## Problem requirements
Once the line holding "Pessoal não estou" is found in the listing below, write it out and each later line exactly, up to and including the one holding "- 1x hrábě na listí: 23 zubů, 48 x 26 cm".

## Records for the exercise
=== Section Start ===

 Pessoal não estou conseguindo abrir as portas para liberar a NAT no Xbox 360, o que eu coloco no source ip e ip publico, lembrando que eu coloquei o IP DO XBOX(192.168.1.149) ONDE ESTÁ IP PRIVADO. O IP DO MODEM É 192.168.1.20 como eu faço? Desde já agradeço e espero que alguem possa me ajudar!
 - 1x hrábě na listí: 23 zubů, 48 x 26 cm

=== Section End ===
=== Section Start ===

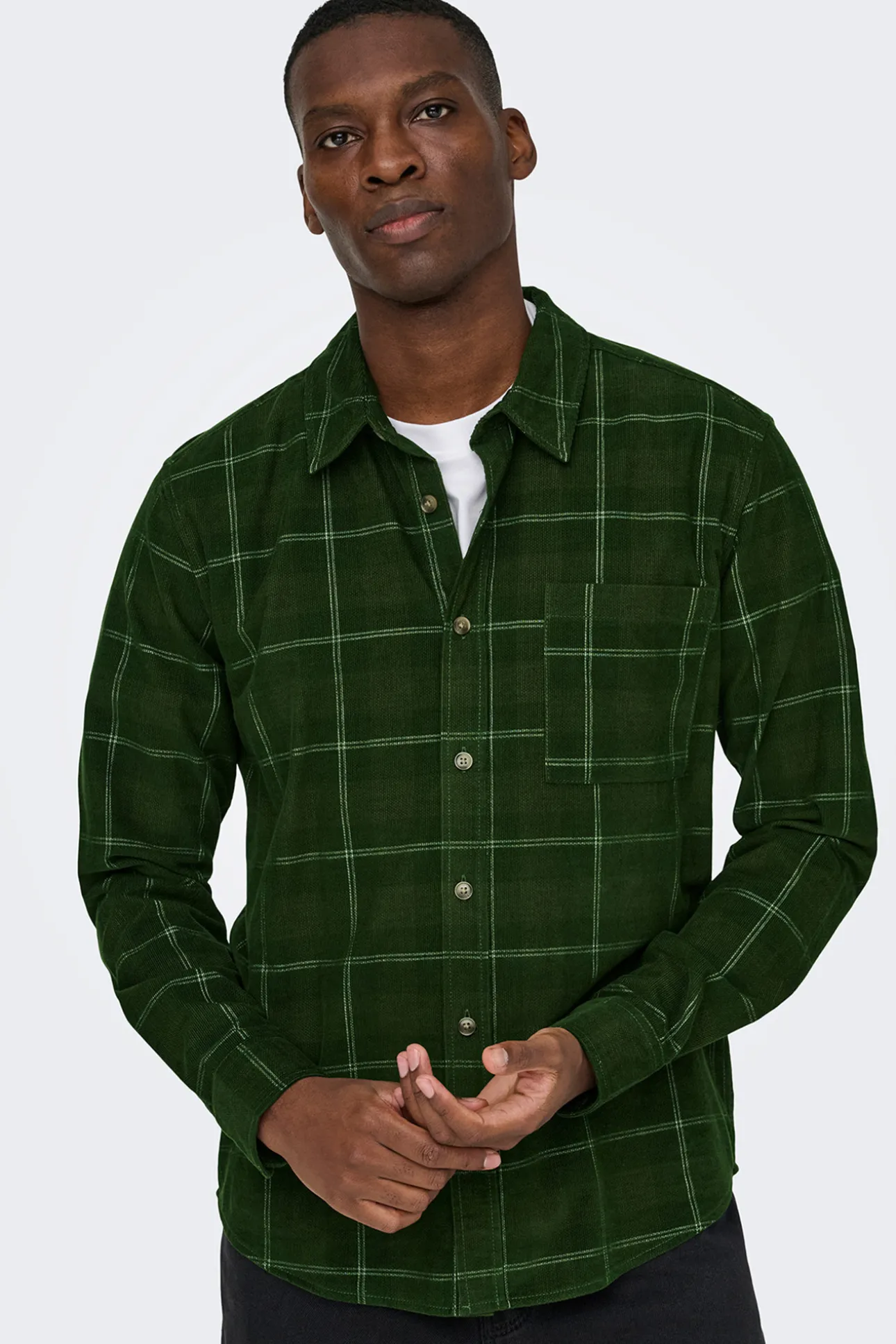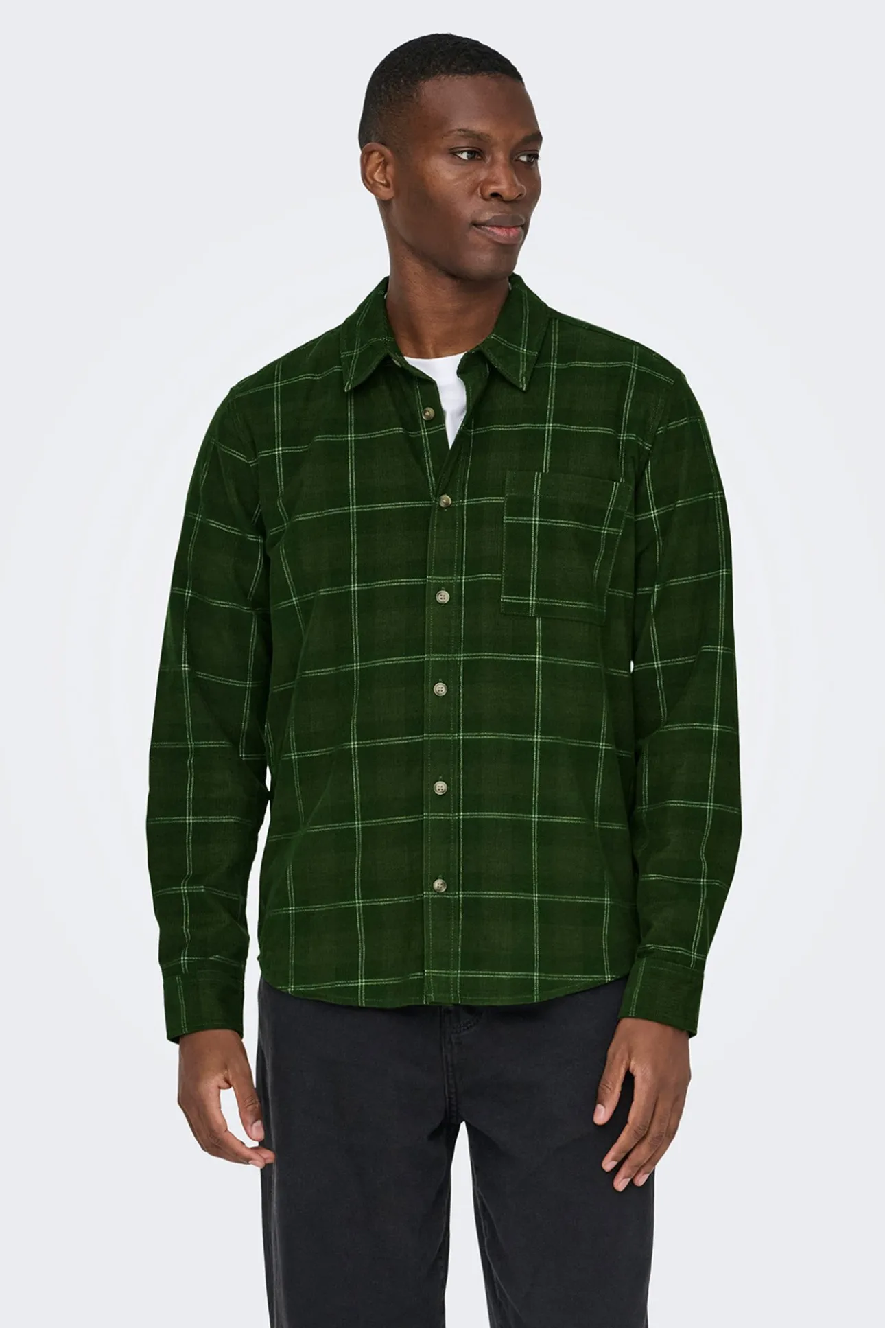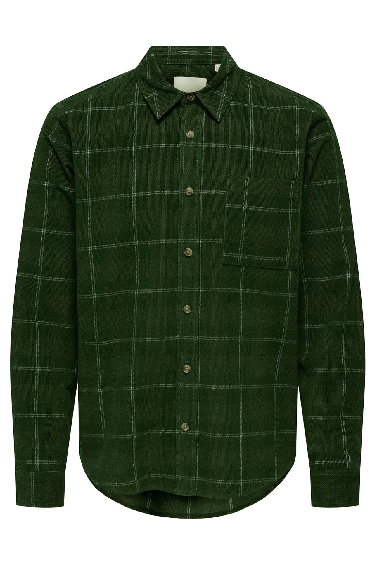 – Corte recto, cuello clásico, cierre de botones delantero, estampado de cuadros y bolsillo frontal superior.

=== Section End ===
=== Section Start ===

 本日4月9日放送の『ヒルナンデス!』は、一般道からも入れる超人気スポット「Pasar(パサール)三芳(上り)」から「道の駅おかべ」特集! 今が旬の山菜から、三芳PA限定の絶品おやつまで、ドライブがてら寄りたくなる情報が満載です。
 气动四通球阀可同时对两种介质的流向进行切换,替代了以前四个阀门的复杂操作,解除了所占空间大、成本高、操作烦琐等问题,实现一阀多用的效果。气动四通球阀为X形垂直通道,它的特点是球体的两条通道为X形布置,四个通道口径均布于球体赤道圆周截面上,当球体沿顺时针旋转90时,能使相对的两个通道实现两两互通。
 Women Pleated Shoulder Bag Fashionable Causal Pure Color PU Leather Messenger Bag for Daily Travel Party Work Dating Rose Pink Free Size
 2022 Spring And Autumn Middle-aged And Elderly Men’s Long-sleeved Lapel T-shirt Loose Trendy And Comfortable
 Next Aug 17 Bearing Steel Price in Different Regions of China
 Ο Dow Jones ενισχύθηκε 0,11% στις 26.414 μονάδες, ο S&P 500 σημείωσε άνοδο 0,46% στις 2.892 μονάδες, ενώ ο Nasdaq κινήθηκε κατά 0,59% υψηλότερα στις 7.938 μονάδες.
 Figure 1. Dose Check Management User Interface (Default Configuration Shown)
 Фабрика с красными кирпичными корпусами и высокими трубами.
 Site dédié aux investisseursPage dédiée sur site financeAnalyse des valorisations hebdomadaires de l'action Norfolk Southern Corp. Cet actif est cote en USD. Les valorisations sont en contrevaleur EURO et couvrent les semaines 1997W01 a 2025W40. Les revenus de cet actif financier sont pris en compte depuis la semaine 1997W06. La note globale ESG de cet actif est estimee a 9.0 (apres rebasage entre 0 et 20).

=== Section End ===

## Completed exercise
 Pessoal não estou conseguindo abrir as portas para liberar a NAT no Xbox 360, o que eu coloco no source ip e ip publico, lembrando que eu coloquei o IP DO XBOX(192.168.1.149) ONDE ESTÁ IP PRIVADO. O IP DO MODEM É 192.168.1.20 como eu faço? Desde já agradeço e espero que alguem possa me ajudar!
 - 1x hrábě na listí: 23 zubů, 48 x 26 cm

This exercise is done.